This is an open-source Python script created for transcribing YouTube videos and playlists into text.
It integrates technologies like WhisperModel for transcription, SpaCy for natural language processing, and CUDA for GPU acceleration, aimed at efficiently processing video content. Can handle individual videos and entire playlists, outputting accurate transcripts and metadata.
How it works:
The script starts by determining whether to process a single video or a playlist. It sets up directories for storing audio, transcripts, and metadata. It adds CUDA Toolkit to utilize GPUs and configures transcription workers based on CPU cores.
It downloads the audio for each video, ensures unique names, and passes to WhisperModel for transcription, using GPUs if available.
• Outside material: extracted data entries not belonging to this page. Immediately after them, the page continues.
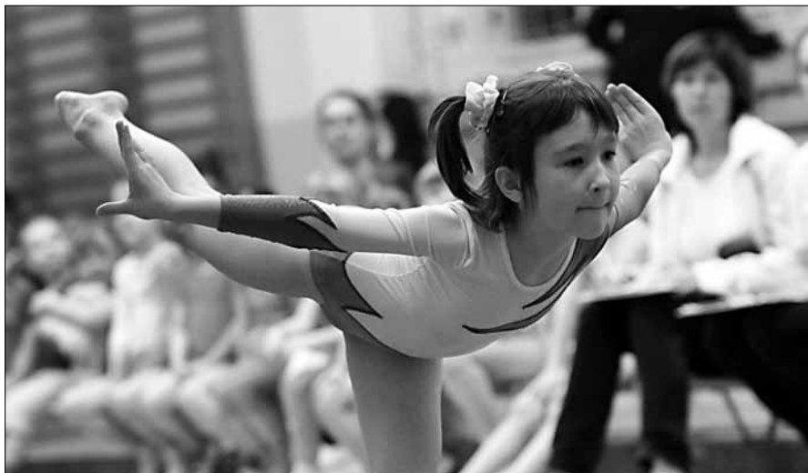
Oddíl sportovní gymnastiky TJ JISKRA Ústí nad Orlicí připravil pro své členy oddílové závody „O MIKULÁŠSKÝ POHÁR“ ve sportovní gymnastice.

Tým trenérek SG www.sport-gym.estranky.cz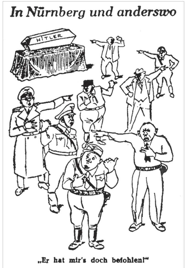
На австрийской карикатуре 1946 г. написано: «В Нюрнберге и других местах. «Однако приказывал мне он!»

Образованное при участии советских оккупационных властей временное правительство новой Австрии во главе с канцлером К.Реннером продолжило процесс денацификации под контролем союзников. Уже 8 мая 1945 года был принят австрийский закон о запрете НСДАП и всех связанных с ней структур (Verbotsgesetz). Все лица, состоявшие в них в период с 1933 по 1945 год, подлежали регистрации. Они также лишались избирательных прав. Позднее, 26 июня 1945 года, вышел дополнительный закон о военных преступниках (Kriegsverbrechergesetz), который предусматривал уголовное преследование лиц за унижение человеческого достоинства, доносы и другие преступления национал-социалистов.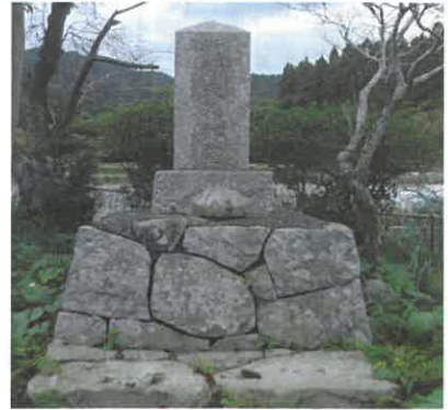
丸尾公園にある於福御前御霊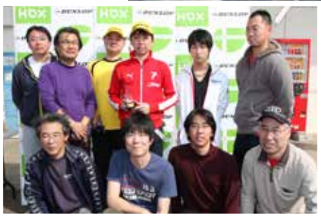
YZ85 エンジン搭載のミッションクラス

2015文部科学大臣杯 JAPANKART CUP with HDX シリーズ第1戦 開催コース/筑波サーキット (茨城県) 主催/日本スーパーカート協会 開催日/3月22日 天候/晴れ 路面状況/ドライ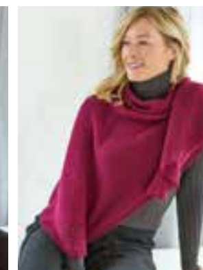
26 - COOL WOOL LACE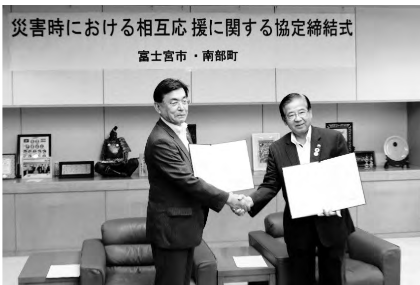
固く握手する佐野町長(左)と須藤秀忠市長(右)

7月13日(木)、静岡県富士宮市と「災害時における相互応援に関する協定」を締結しました。日頃から生活圏を共にする富士宮市と、災害時に県を超えた相互応援を円滑に行うため、今回の協定を締結する運びとなりました。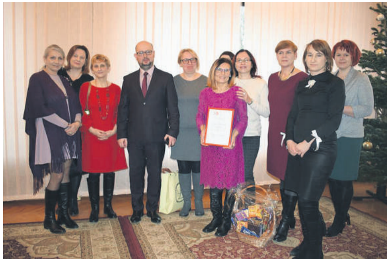
■ Kraśniccy bibliotekarze wraz z organizatorami konkursu „Biblioteka na 5”.

Ks. Zielińskiego 3 dzieje się naprawdę dużo. W każdy poniedziałek o godz. 16:00 odbywają się zajęcia plastyczne dla dzieci "Pędzelki" (prace są eksponowane w Galerii na Suficie), W każdy piątek o godz. 16.00 organizowane są zajęcia dla rodziców z dziećmi "Godzinki dla Rodzinki", raz w miesiącu - spotkania Dyskusyjnego Klubu Czytelniczego dla dorosłych "Salonik Literacki", a klub dla dzieci "Czytaczek" spotyka się w każdy ostatni czwartek miesiąca. Ponadto w ramach akcji "Bajeczki z Walizeczki" we wtorki bibliotekarz odwiedza świetlicę przy Miejskim Ośrodku Pomocy Społecznej i czyta dzieciom bajki oraz prezentuje bajeczki obrazkowe. W ramach akcji "Bibliotekarz w przedszkolu" raz w tygodniu w każdej placówce w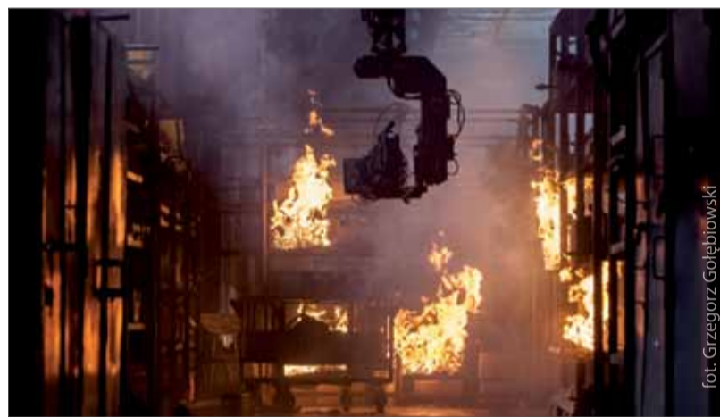
» Kadr z serialu „STRAŻACY”

dzięki którym pozytywny wizerunek miasta przedostaje się do branży filmowej. Nie bez znaczenia jest też rola funkcjonującej w naszym mieście filii Szkoły Wajdy. To właśnie współpraca z Andrzejem Wajdą zaoferowała realizację w Żyrardowie zdjęć do filmu „Wałęsa”.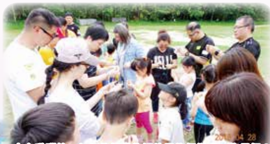
大家動腦筋，如何能把幾條短的尼龍繩變成一條長繩？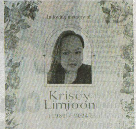
Mendiang yang juga bekas wartawan akhbar tempatan menjadi penderma organ pertama pada tahun ini di HQE Kota Kinabalu.

"Semoga roh mendiang diberkati dan pihak keluarga diberi kekuatan menghadapi kehilangan ini," katanya.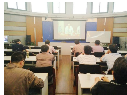
五分公司以视频形式参加浙建集团分公司经理工作交流会学习集团领导的讲话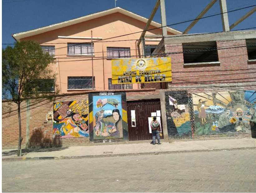
Vista de frente la Unidad Educativa Reino de Bélgica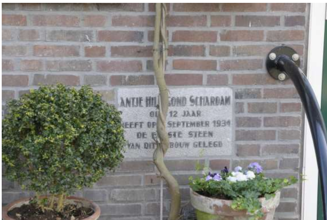
Gevelsteen met de tekst: 'Antje Hillegond Schardam oud 12 jaar heeft op 6 september 1934 de eerste steen van dit gebouw gelegd'.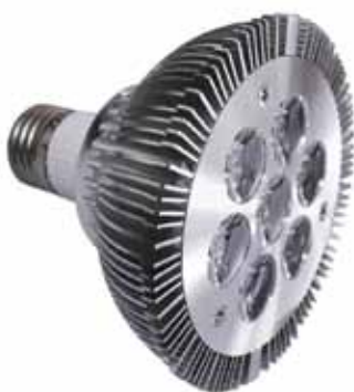
BOMBILLA LED PAR 38 - E27 DE 21W BLANCO CALIDO(BPAR38E2721W)

Tubo led smd T8 150mm 25w (disponible 120 y 60 mm)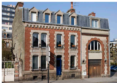
Façade sur rue. IVR25_20095000525NUC2A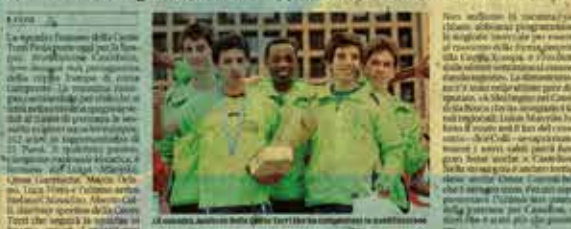
La squadra di atleti della Cento Torri, campioni di corsa campestre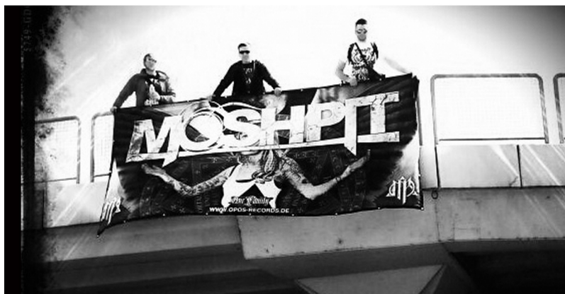
«Moshpiti Release Party», Γερμανία, 28 Απριλίου 2012

Σας ευχαριστούμε πολύ για το ενδιαφέρον σας, και με τις καλύτερες ευχές μας για ό,τι κάνετε στο μέλλον, σας παραθέτουμε ένα απόσπασμα από τους στίχους της νέας μας δουλειάς: "Do it for yourself / not to assume some role / believed to be a revolution / but to most is just a style / step back / reconsider your position / step back and try to deal in something real / I'm not turning back to the vow I made to my soul / to shut out and segregate was not the original intent / it seems we've lost sight of what it once meant / it's not a question of worth but its worth questioning ..."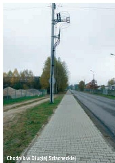
Chodnik w Długiej Szlacheckiej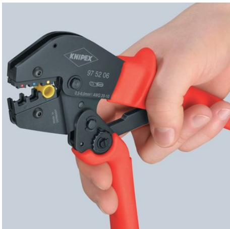
Erster Schritt: Heranholen des Schenkels mit zwei Fingern, bis beide Backen auf dem zu vercrimpenden Verbinder aufliegen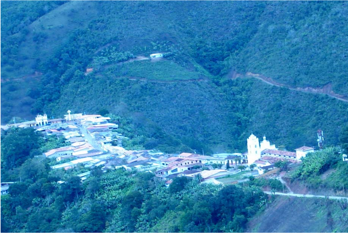
Pueblo de Guaraque (2009). 16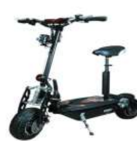
Patinete eléctrico con sillín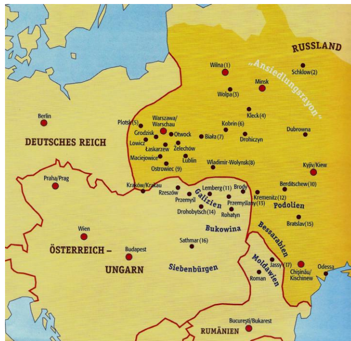
Die Städte mit großem jüdischen Bevölkerungsanteil

Zu dieser Zeit lebte knapp ein Viertel der russischen und litauischen Juden in erbärmlichen Verhältnissen: kinderreiche Familien zusammengedrückt in einer Hütte oder einem Kellergeschoss... Während der endlosen Folge von Ausschreitungen und Elend zogen bis 1914 weitere anderthalb Millionen Juden fort aus der alten Heimat, Frauen, Kinder, ältere Familienangehörige, ja ganze Dorfgemeinschaften... Durch den Verlust eines Drittels des osteuropäischen Judentums verwaisten ganze Landstriche, und die verbliebene Bevölkerung verelendete (nach Ottens/Rubin 1999, S. 179-180).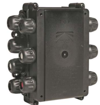
hoch / high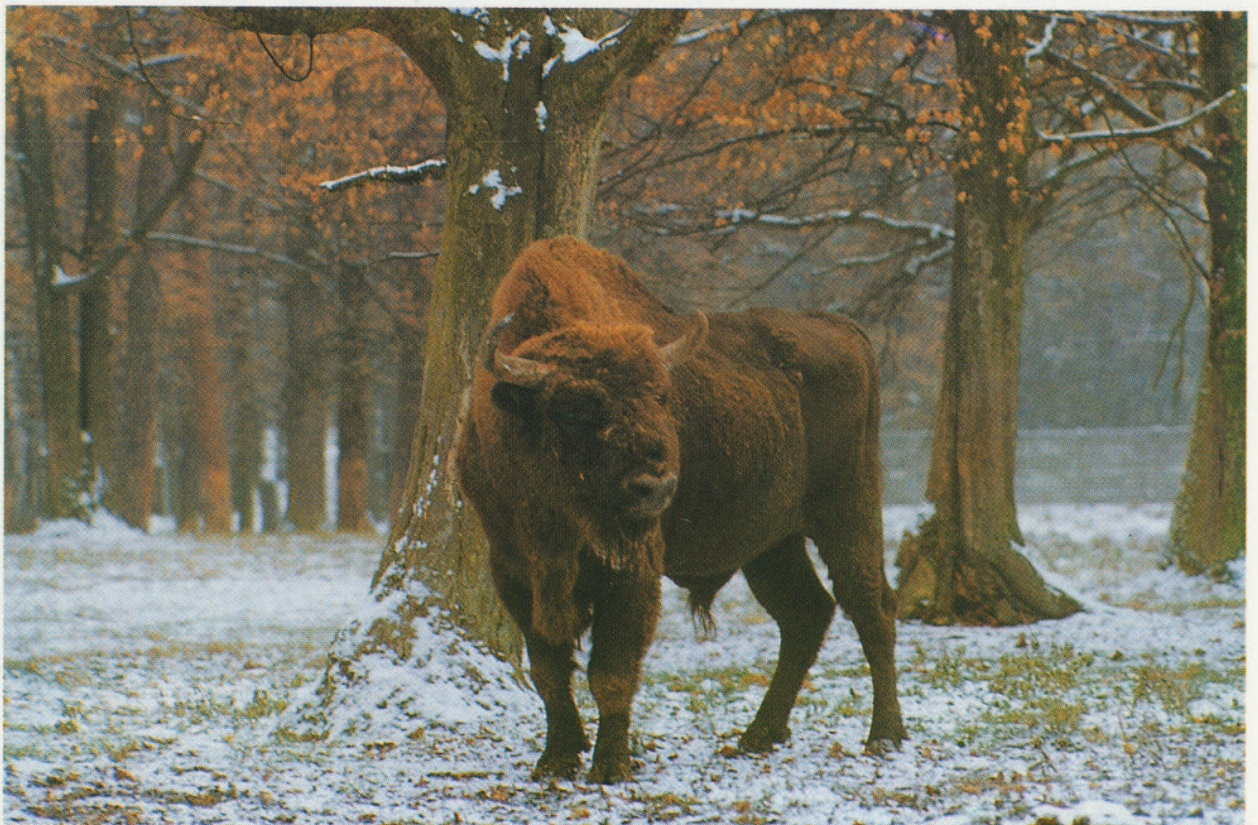
M 5150 POLSTACH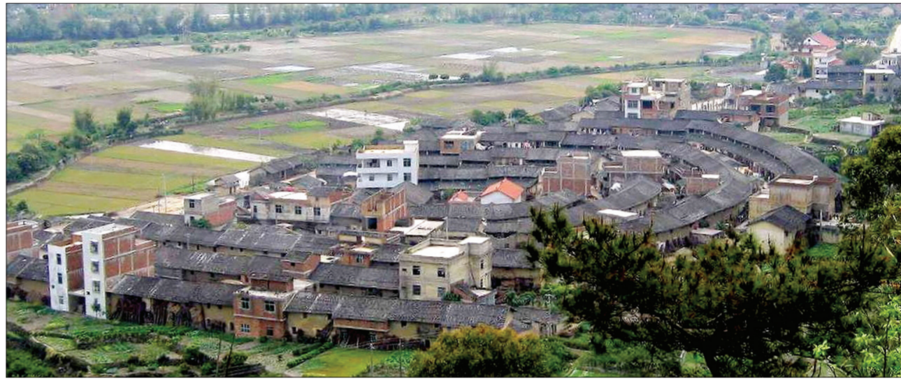
如今的半月楼,楼内空地上和楼墙外,已崛起了一座座红砖白瓷的新建筑,周围的不少树木也遭到砍伐。

村中的另一座土楼——咏春楼前方后圆,造型独特。记者看到,土楼门口的荷塘边上搭着一座猪圈,由于经常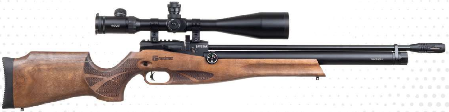
DAYSTAR W AHŞAP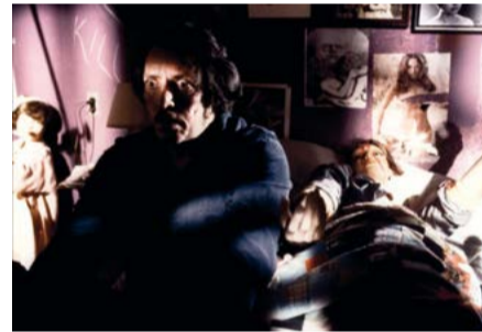
Maniac de William Lustig

Qui n'a jamais rêvé de voir ou revoir des classiques du cinéma en haute définition ? Avec la complicité de l'éditeur Le Chat qui fume, le Festival accueille cette année une toute nouvelle section rétrospective dédiée à des œuvres de patrimoine restaurées en 4K : RétroMania . Deux films ont été sélectionnés à ce jour : Maniac de William Lustig (1980) et un film français de Claude Mulot, La Rose écorchée (1970).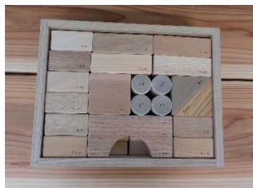
（積み木セット（広葉樹））

（配布施設）市立保育園5園、子育て支援センター、保健センター、学びの杜のいちカレード、にぎわいの里のいちカミーノ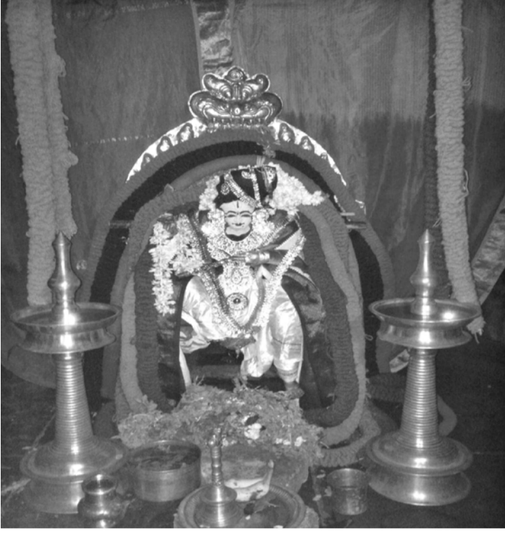
கிருஷ்ணரை அலங்கரித்திருக்கும் காட்சி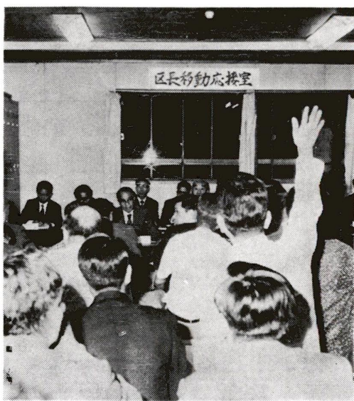
みなさんの声が区政に反映されています

区では、皆さんの声を区政に反映する手段のひとつとして、昨年引き続き区長移動応接室を開きました。今回は、身近な環境問題を主題に、時間も夜間に実施したため、多数の方が参加され、いずれの会場でも熱心に意見の交換が行なわれました。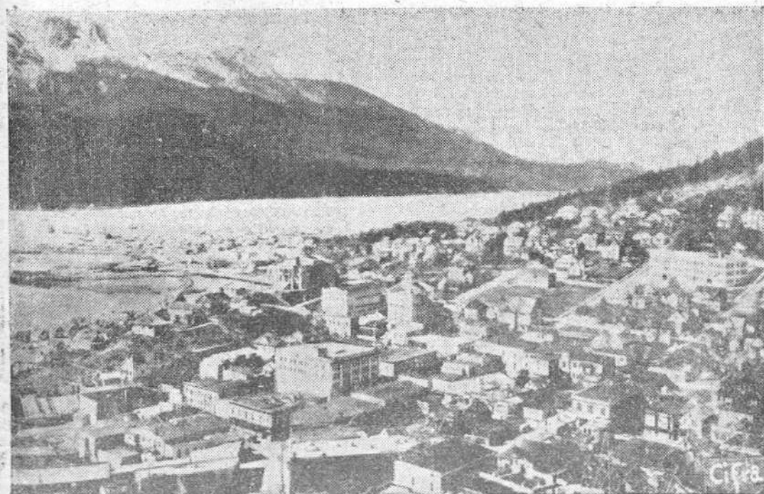
Vista de la ciudad y puerto de Juneau, capital de Alaska.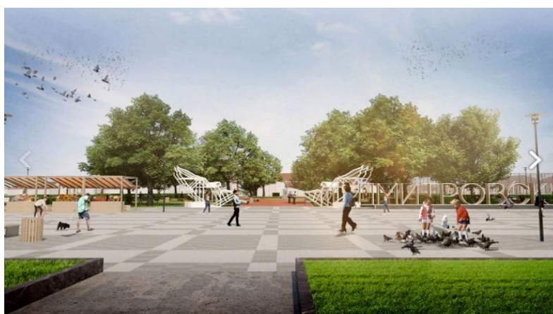
Рисунок 18 – Проект для города Дмитровска [8]

Хотелось бы, чтобы и для городов Беларуси создавались новые интересные пространства, дружелюбные для людей. На городских пространствах могут появиться новые функции: уличные лектории, спортивные площадки, обзорные башни, площадки для аттракционов и т. д. Это позволит создать мультифункциональные пространства для жителей и для повышения туристической привлекательности городов Беларуси.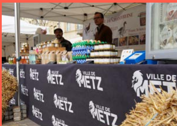
Marché fermier des producteurs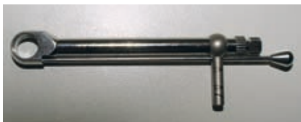
Afb. 1. Momentsleutel voor het tot het geadviseerde maximale torsiemoment vastdraaien van een implantaatopbouwschroef.

nectie aanwezig is, in tegenstelling tot de externe connectie bij veel andere implantaatsystemen. Een interne connectie biedt mogelijk meer weerstand tegen het loskomen van de opbouwschroef dan een externe. Twee onderzoeken met kleine aantallen patiënten naar enkeltandsvervanging door een Astra®-implantaat lieten na 3 en 5 jaar geen enkele losgekomen schroef zien (Palmer et al, 2000; Cooper et al, 2007). Over Straumann®-implantaten bestaat in dit opzicht geen informatie.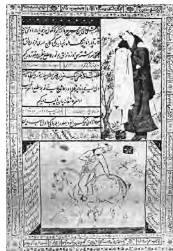
تصویر ۱۲- شکارچی بر پشت اسب موزه ویکتوریا و آلبرت لندن

شولتس ۱۱ ، تاریخ این تصویر را (۱۰۱۴ هـ.ق - ۱۶۰۵ م) می‌داند. اما سچوکین با نظر او موافق نیست. از نظر او تاریخ صحیح (۱۱۰۴ هـ.ق - ۱۶۹۲/۳ م) می‌باشد. م.ل. سوتیوچوفسکی ۱۲ و س. بابائی که این تصویر را در سال ۱۹۸۹ منتشر کردند، می‌نویسد که، سبک محمد قاسم در آن زمان از سبک خلاق رضا عباسی گرفته شده و در مورد تاریخ اینگونه ذکر کرده‌اند: "چنانچه عدد دیگری اضافه نشود معادل (۳-۱۶۹۲ م) اواخر عمر کاری این هنرمند" (سوتیوچوفسکی، بابائی، ۱۹۸۹، ۴۶۶) و مبنای آنها در این تاریخ گذاری نگاره موزه لوور می‌باشد که نشان می‌دهد شاه پیشخدمت جوانی را که به او شراب می‌داده را بغل کرده است و کلمات نوشته شده روی نگاره با این اطلاعات پایان می‌یابند که، این اثر در تاریخ جمعه ۲۴ جمادی‌الثانی (۱۳۰۶ هـ.ق - ۱۰ فوریه ۱۶۲۷ م) توسط محمد قاسم بیچاره خلق شده است. ۱۳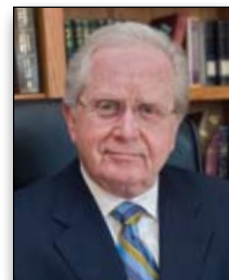
GERALD FLURRY CHEFREDAKTEUR

Es gibt eine zerstörerische Kraft hinter der ultraliberalen Fakultät, die das Bildungswesen in Amerika kontrolliert. Die Zivilisation steht auf dem Spiel!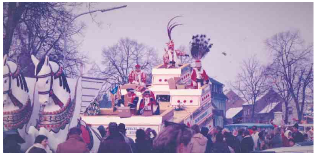
Nostalgiebild des „Eiszuges“ von 1986 bei -14 Grad.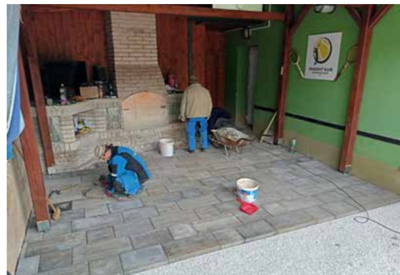
Nová podlaha u tenistů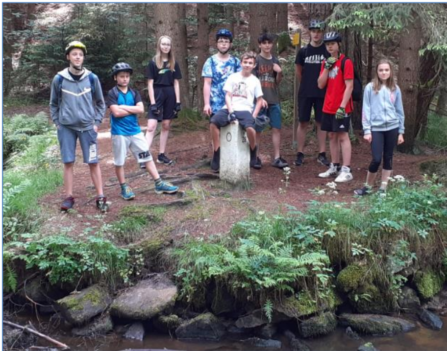
Nejsevernější bod Rakouska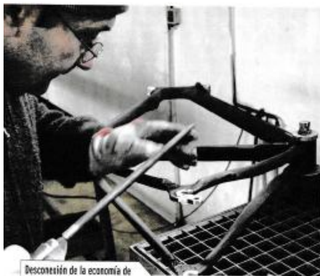
Desconexión de la economía de exportación y del mercado interno.

Explica que la variable más importante para la economía es el Producto Interno Bruto (PIB), que representa la producción que se genera en el país en un tiempo determinado, y en los últimos años se ha observado un crecimiento por abajo del potencial de crecimiento, que debería ser hasta de 4%, pero hemos estado creciendo a .8%, en parte debido a la crisis económica.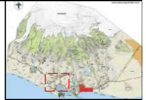
ÚR AÐALSKIPULAGI MÝRDALSHREPPS 2012-2028

Nýtt verslunar- og þjónustusvæði er staðsett á landi sem í gildandi aðalskipulagi er gert ráð fyrir landbúnaði. Tillaga að breytingu á aðalskipulagi er ekki talin draga úr gæðum eða framboði landbúnaðarlands þar sem lítið eða ekkert verður gengið á ræktað land. Uppbygging á svæðinu verður í nágrenni við önnur mannvirki á bæjarstæðinu og mun taka mið af núverandi staðháttum á svæðinu. Breyting á aðalskipulagi er því ekki talin hafa mikil áhrif á landnotkun á aðliggjandi svæðum.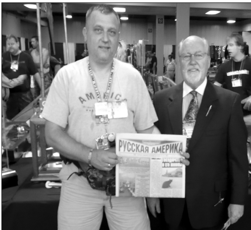
Газета "Русская Америка" пользовалась большим успехом на шоу среди его русскоязычных участников.

Transcripts are split into sentences with SpaCy or Regex. Metadata like timestamps and confidence scores are generated.
Transcripts are saved as plain text, CSV, JSON, and HTML for readability. A special HTML file transcript_reader.html
offers “Reader Mode” to customize font, text size, width, and toggle dark mode.
How to use it:
1. Set Up Python Environment:
python3 -m venv venv source venv/bin/activate
2. Upgrade pip and Install Wheel:
python3 -m pip install --upgrade pip python3 -m pip install wheel
3. Install dependencies from requirements.txt.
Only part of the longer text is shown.